Then in step 4, the sampled image is filtered by using the noise template obtained in step 3 to filter noise. During filtering, the sampled image and the noise template are subjected to convolution operation to obtain a filtered imageWherein->Representing convolution operation,/->Representing pixel coordinates in the image.
After the filtering processing, in order to save the storage space, the invention reprocesss the filtered image. Referring to fig. 1 and 4, the reprocessing of the filtered image includes steps 5 to 7, firstly, the filtered image is expanded according to taylor formula through step 5 to obtain an edge feature image of the filtered imageWherein, the method comprises the steps of, wherein,for derivative image +.>Is a second derivative image.
It should be noted that, since the derivative image and the second derivative image are required when the edge feature image is acquired, before performing step 5, the method further includes: step 41, deriving the filtered image to obtain a derivative image; step 42, deriving the derivative image to obtain a second derivative image. Referring to fig. 7, fig. 7 is another flowchart of a coal detection method according to an embodiment of the present invention, in which the filtered image is processed in step 41Deriving, obtaining a derivative image as +.>. In step 42, the obtained derivative image is further derived to obtain a second derivative image +.>。

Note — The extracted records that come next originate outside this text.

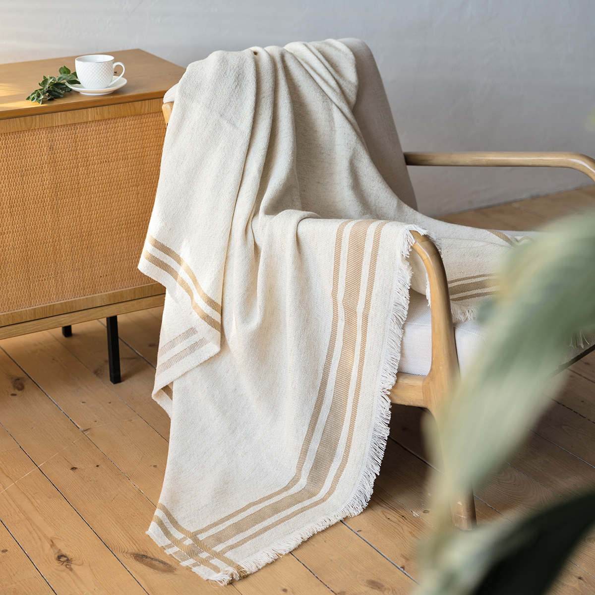 Плед декорирован лентой и фирменным вкладышем.
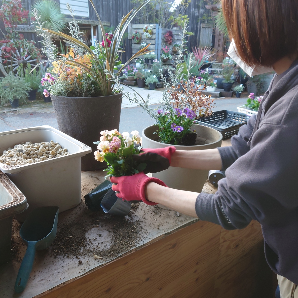 鉢持ち込みOk 土無料で 店内選んだ花苗を寄せ植えしてくれるというお得な企画がありました
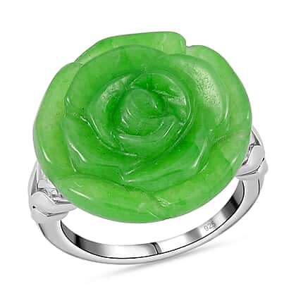 Delicately crafted, this exquisite green jade floral ring exudes elegance and sophistication. The centrepiece, a stunningly carved green jade, is shaped into a delicate rose design, symbolising grace and beauty. Highlighting the jade are sparkling white zircons set in a rhodium overlay on sterling silver, enhancing the ring's allure. This piece is perfect for adding a touch of nature-inspired luxury to any outfit.

In step 6, thresholding the edge feature image to obtain a binary edge feature imageWherein->Representing a threshold. The binary edge feature image reflects the change degree of each pixel in the image, and the probability that the value of the binary edge feature image at the edge of the coal particles is 1 is far greater than the probability that the value of the binary edge feature image at the edge of the coal particles is 0 because the change degree of the pixels at the edge of the coal particles is high, so that the characteristics of the coal images can be reflected.
In step 7, a gray-scale compressed image is obtained according to the filtered image and the binary edge feature imageWherein, the method comprises the steps of, wherein,expressed as +.>Offset coordinates in a square neighborhood with a point as the center, W represents the side length of the neighborhood, double-diagonal +.>Representing the integer part after the division operation. The gray scale number of the pixels of the gray scale compressed image G is 3, and the corresponding binary edge feature image +.>The pixel gray scale number is 1, so the total pixel gray scale number of the two is 4; filtered image +.>The pixel gray scale number is 8. Thus, each time the sample is left, the gray-scale compressed image G and the binary edge feature image are left +.>Compared to directly preserving the filtered image +.>Saving half of the storage space. Furthermore, according to the gray-scale compressed image G and the binary edge feature image +.>The filtered image may be approximately restored so that the coal may be viewed.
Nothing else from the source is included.